2.1 Allowing ref access to derived tables
-----------------------------------------
Ref access could greatly reduce amount of data that is needed to join a table.
It is used in queries like:
   SELECT * FROM t1 JOIN (SELECT * FROM t2) tt ON t1.f1=tt.f1;
   SELECT * FROM t1 JOIN a_materialized_view AS view ON t1.f1=view.f1;
In these examples adding index over field f1 from tt/view will bring it into
consideration by range optimizer and in case of lowest cost ref access will be
used.
Appropriate indexes could be added by taking following steps:
   * Create fake key description for the range optimizer:

 >> I prefer the term "possible key" - which you use later - over "fake key"

     For each derived table DT:
     * For each table (or derived table) T which is joined to DT find set of
       fields from DT that are used to join table T
     * For each found set create a description of the key that consists of all
       fields from the set and each field is included only once
   * Range optimizer will choose (or wouldn't, depending on cost) fake keys
     over derived tables to use for ref access.
   * After query execution plan is chosen, create one real key and drop the
     rest:
     For each derived table DT
     * Actually create the key chosen by the range optimizer
     * Drop other key descriptions for DT (drop all descriptions if ref access
       isn't used for DT)
   * While derived table being materialized and thus filling the result table the
     storage engine will create index according to saved key description.
After these steps we will have a materialized derived table with generated index
which is exactly the same as a usual table with index, so execution will go
flawlessly.
Since ref access is chosen among other access methods due to lower cost the
query will be always executed faster than without ref access.

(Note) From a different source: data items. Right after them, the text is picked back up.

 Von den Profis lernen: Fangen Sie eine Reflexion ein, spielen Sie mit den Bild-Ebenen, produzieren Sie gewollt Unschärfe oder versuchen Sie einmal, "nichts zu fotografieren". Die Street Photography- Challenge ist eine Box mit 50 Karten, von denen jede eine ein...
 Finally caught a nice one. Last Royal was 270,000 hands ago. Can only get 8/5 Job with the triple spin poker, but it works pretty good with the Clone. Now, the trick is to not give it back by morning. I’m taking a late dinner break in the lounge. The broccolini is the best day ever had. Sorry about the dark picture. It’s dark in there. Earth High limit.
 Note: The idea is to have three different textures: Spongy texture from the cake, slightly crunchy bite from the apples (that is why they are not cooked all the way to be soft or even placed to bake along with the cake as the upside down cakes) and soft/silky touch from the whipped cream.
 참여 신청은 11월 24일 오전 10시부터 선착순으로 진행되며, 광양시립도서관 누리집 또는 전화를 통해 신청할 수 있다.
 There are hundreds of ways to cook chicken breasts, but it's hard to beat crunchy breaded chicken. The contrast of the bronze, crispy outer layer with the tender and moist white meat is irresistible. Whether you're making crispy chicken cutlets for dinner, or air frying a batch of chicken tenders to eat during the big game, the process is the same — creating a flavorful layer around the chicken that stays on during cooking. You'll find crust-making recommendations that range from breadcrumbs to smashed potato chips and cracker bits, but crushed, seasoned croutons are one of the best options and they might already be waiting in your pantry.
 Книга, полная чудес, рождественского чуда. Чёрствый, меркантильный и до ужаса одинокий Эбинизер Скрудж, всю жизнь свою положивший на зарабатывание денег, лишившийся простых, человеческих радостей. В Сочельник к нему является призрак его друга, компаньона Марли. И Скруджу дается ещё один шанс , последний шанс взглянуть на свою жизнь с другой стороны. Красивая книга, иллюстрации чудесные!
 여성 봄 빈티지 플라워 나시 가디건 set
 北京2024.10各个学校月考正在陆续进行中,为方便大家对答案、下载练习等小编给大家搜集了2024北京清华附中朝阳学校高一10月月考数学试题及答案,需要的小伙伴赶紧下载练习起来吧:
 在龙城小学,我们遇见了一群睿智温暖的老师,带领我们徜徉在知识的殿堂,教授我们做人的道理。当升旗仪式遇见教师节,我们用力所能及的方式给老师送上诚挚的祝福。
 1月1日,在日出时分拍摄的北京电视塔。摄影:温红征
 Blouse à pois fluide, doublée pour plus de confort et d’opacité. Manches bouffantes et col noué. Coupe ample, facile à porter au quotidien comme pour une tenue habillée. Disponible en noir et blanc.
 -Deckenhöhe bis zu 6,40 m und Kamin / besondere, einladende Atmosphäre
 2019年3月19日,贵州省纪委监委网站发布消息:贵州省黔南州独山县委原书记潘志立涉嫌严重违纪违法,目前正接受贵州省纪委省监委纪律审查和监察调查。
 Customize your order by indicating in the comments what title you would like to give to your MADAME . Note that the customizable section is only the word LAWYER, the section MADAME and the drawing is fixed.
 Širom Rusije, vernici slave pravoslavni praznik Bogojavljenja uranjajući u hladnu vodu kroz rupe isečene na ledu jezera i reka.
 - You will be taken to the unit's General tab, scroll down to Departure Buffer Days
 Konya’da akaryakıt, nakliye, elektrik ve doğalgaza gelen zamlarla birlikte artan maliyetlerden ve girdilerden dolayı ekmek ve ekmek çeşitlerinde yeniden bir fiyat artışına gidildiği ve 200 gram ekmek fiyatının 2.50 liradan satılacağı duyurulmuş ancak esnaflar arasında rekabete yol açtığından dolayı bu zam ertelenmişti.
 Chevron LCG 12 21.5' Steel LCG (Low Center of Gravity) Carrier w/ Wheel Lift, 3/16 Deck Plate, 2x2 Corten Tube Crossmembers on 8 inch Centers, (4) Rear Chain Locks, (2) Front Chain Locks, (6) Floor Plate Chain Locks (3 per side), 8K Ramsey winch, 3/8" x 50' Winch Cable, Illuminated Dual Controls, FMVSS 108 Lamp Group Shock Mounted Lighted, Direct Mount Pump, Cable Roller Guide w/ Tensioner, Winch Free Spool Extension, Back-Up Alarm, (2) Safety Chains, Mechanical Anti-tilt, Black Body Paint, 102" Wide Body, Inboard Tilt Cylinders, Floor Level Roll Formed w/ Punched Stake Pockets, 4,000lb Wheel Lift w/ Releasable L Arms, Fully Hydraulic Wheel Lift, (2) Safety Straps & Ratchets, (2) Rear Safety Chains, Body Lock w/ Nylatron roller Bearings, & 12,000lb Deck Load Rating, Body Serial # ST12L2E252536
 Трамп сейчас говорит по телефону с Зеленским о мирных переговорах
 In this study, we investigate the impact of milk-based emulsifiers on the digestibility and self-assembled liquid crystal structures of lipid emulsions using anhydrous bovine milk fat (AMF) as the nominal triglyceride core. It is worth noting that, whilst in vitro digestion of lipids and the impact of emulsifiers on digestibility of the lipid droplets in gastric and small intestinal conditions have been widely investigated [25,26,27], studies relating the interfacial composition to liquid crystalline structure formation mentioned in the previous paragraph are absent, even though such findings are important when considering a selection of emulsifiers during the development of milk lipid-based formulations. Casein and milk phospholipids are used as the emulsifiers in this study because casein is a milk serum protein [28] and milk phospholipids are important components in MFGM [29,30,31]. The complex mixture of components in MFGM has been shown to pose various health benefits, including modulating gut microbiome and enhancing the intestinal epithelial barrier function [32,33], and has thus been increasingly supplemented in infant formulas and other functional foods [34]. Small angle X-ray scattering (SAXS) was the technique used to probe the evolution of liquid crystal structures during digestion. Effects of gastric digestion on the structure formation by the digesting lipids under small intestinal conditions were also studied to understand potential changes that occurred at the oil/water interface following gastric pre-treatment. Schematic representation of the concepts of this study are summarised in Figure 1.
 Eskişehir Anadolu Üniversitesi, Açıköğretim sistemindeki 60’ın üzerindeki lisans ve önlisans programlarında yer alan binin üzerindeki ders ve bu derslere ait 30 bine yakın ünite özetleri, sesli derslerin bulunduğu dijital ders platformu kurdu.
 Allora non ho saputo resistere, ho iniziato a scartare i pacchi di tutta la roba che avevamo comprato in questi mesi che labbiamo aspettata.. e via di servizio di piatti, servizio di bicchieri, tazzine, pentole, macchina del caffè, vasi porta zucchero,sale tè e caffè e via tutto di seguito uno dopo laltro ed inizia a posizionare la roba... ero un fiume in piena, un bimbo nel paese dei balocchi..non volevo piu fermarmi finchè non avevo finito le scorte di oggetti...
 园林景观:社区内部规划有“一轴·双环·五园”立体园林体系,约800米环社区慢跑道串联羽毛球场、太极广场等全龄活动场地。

If ref access
have higher cost than some other access method then no real keys would
be created, thus in the worst case we loose nothing. The only overhead is the
creating of the fake key descriptions and overhead is negligible if compared
to cost of execution a whole query.

In addition to key descibe above we could create a composite key which would
contain all fields referenced in the derived table. Such key could be used in
several cases:
.) full key is used when the derive table is placed last in the join
.) a prefix of this key could be used in cases where derived table isn't the
    last one.

 >> Please add a note saying that this is for future, and not part of this WL

2.2 Allowing loose index scan over a derived table
--------------------------------------------------

 >> Please add in a reference to WL#1724 and/or WL#3220 (if we keep this part)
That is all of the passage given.